TASK TO CARRY OUT. Retype, word for word, each line between the lines holding "Prowler Fortnite スキンは、それに関連するクエストとともに後日公開されます。" and "Dívčí souprava legín", inclusive, and leave the rest of the data alone.

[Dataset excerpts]
>>

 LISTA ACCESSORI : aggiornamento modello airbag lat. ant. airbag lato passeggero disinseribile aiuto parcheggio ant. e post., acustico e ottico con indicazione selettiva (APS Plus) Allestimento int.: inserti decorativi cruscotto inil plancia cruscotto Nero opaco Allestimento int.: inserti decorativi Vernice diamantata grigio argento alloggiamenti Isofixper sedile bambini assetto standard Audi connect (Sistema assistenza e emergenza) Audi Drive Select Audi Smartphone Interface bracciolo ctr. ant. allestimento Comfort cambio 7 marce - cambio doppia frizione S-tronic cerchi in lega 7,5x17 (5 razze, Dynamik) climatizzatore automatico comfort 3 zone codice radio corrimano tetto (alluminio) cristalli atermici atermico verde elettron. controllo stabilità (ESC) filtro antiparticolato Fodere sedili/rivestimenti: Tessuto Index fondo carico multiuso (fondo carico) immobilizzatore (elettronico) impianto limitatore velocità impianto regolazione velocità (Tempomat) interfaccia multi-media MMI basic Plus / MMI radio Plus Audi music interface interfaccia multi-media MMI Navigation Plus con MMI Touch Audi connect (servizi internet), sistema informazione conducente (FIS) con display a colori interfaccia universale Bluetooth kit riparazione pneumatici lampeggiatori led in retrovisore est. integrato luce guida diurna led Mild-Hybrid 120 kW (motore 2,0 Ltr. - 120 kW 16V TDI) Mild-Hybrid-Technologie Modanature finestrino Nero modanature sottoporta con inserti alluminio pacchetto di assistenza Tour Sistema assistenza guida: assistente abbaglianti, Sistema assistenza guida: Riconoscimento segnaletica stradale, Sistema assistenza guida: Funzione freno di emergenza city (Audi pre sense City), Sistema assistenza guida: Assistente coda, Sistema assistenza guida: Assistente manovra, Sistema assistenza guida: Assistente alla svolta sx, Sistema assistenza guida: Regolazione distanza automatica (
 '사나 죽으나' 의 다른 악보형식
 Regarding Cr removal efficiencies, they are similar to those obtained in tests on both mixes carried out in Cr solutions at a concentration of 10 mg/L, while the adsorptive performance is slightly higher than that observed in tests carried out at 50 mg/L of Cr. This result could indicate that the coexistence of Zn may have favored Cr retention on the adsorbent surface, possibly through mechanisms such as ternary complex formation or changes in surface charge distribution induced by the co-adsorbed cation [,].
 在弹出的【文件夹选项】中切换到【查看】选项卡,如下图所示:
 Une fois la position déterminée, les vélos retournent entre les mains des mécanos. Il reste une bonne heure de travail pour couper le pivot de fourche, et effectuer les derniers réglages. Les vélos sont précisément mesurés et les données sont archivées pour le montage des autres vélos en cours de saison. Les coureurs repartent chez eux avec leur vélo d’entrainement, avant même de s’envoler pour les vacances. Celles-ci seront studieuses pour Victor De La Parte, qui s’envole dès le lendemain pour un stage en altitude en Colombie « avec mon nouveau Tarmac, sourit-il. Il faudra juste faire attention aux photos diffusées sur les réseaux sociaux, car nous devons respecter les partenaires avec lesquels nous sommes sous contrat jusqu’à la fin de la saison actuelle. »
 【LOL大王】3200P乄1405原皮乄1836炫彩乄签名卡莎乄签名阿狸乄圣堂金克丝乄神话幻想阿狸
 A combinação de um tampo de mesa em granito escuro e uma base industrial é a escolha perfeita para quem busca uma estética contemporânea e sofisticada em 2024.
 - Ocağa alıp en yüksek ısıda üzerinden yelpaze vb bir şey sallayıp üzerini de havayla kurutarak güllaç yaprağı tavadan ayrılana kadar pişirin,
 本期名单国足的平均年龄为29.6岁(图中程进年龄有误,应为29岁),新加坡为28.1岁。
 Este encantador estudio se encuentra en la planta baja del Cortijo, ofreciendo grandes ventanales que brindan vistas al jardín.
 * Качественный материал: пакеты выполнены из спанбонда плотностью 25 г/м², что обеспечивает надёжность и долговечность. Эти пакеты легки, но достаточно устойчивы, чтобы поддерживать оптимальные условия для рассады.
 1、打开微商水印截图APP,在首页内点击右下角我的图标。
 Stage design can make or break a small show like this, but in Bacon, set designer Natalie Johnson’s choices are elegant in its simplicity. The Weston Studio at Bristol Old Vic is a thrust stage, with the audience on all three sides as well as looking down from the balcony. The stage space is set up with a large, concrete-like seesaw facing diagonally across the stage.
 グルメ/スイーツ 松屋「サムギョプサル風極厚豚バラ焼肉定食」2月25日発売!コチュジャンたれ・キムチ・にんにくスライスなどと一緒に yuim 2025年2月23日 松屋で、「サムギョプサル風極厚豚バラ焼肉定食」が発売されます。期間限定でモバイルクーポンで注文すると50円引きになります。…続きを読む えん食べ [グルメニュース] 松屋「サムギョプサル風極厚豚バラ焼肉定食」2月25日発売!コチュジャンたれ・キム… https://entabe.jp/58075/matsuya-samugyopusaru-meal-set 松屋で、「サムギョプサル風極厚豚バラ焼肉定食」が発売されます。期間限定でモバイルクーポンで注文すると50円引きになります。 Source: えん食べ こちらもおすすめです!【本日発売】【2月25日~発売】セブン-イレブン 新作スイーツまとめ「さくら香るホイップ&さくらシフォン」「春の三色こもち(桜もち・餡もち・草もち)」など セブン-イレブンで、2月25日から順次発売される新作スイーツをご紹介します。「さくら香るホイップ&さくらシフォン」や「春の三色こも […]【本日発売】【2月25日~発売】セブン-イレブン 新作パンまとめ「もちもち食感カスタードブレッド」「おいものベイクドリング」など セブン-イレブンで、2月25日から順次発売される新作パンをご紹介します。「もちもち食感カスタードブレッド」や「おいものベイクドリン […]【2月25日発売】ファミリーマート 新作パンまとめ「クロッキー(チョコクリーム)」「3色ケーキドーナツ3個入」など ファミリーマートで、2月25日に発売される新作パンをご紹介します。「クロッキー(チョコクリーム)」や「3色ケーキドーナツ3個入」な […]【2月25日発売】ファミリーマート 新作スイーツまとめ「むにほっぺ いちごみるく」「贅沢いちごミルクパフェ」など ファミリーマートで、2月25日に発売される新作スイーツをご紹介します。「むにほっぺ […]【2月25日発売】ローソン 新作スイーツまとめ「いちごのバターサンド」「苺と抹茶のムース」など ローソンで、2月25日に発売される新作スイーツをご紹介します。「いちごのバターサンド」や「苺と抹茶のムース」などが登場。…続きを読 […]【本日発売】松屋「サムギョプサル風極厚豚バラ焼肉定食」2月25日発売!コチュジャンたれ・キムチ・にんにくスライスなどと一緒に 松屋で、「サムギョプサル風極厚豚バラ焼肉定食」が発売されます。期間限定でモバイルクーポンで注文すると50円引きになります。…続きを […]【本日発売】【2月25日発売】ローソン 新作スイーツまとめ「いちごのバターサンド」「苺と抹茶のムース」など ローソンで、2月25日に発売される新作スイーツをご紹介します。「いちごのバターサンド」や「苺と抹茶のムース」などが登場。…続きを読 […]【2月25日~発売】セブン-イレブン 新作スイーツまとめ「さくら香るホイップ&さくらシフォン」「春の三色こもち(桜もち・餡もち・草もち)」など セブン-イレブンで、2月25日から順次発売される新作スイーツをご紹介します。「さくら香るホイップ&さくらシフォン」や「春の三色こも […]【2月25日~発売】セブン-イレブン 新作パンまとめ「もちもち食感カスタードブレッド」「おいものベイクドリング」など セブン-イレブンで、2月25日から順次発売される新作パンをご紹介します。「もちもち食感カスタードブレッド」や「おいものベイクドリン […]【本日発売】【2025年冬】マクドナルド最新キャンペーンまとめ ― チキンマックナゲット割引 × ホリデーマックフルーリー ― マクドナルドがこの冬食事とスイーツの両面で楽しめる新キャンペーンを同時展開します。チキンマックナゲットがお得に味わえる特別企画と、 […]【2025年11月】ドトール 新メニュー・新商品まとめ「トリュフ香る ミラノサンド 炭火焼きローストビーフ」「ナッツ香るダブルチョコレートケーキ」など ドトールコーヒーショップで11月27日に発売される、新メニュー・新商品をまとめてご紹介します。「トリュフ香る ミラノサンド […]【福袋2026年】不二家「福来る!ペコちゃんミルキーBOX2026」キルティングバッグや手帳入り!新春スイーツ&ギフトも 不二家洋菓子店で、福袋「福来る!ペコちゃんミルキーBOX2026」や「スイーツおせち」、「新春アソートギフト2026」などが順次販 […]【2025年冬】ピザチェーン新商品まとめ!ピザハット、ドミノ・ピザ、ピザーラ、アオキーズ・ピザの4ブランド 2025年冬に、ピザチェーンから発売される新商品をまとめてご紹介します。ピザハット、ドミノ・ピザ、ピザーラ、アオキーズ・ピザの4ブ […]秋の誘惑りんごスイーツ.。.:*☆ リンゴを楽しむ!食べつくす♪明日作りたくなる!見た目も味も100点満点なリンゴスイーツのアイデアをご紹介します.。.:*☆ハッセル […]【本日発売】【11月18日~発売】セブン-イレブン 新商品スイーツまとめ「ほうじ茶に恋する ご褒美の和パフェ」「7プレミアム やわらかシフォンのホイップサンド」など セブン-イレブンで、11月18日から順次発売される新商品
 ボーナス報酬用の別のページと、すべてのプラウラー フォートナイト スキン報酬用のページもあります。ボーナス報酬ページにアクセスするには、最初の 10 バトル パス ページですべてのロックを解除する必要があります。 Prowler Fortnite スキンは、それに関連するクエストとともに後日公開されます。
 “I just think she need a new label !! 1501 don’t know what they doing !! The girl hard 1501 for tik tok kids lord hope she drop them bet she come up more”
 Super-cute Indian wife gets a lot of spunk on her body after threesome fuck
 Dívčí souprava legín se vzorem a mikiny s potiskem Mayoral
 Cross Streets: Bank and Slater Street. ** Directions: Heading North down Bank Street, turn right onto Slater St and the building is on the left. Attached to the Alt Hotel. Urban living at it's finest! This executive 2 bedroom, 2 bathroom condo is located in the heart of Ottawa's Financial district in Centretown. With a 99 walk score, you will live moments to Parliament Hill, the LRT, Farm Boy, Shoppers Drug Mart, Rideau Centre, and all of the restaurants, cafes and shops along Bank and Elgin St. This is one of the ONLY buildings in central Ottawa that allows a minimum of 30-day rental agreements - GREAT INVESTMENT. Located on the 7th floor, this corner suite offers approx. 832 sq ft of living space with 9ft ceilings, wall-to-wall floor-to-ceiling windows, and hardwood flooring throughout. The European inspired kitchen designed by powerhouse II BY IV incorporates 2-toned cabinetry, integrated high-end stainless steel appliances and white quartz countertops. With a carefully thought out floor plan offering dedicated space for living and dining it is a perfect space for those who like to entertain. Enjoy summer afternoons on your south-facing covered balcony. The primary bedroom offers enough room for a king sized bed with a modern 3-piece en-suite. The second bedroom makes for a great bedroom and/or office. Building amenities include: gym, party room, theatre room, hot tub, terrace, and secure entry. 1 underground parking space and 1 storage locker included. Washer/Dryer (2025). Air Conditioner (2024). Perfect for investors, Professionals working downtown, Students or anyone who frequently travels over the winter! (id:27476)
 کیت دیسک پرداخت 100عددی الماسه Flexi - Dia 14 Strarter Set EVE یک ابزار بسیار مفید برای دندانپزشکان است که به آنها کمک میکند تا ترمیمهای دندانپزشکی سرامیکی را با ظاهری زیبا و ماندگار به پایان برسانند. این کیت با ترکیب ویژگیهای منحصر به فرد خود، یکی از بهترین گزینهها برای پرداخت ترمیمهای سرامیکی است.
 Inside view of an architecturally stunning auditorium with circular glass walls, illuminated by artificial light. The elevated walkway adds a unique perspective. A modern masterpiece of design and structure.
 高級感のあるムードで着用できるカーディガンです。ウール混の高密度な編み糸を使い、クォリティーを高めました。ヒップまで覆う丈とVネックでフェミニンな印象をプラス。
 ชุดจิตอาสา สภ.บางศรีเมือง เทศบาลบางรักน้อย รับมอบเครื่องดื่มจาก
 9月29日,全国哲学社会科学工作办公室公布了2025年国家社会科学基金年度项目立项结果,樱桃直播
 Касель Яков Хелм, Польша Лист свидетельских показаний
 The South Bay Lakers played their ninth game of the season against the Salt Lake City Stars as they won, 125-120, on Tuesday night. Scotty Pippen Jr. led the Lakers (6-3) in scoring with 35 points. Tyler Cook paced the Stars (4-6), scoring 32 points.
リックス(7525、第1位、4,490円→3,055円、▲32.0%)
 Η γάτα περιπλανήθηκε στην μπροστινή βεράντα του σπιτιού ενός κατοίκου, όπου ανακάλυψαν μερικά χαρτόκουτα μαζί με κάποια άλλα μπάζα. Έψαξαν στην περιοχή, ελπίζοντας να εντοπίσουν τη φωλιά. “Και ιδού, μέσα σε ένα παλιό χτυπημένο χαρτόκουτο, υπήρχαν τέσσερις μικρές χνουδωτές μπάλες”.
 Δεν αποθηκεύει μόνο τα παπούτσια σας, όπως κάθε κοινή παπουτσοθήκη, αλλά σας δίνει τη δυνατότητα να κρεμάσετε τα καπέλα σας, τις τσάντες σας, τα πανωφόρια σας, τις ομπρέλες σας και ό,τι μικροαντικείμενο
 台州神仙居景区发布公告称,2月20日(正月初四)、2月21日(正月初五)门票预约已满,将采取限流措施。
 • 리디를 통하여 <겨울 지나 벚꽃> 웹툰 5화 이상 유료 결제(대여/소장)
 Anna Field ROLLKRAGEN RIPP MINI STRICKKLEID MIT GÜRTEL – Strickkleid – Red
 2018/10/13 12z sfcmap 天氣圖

<<

RESPONSE BOX.
 ボーナス報酬用の別のページと、すべてのプラウラー フォートナイト スキン報酬用のページもあります。ボーナス報酬ページにアクセスするには、最初の 10 バトル パス ページですべてのロックを解除する必要があります。 Prowler Fortnite スキンは、それに関連するクエストとともに後日公開されます。
 “I just think she need a new label !! 1501 don’t know what they doing !! The girl hard 1501 for tik tok kids lord hope she drop them bet she come up more”
 Super-cute Indian wife gets a lot of spunk on her body after threesome fuck
 Dívčí souprava legín se vzorem a mikiny s potiskem Mayoral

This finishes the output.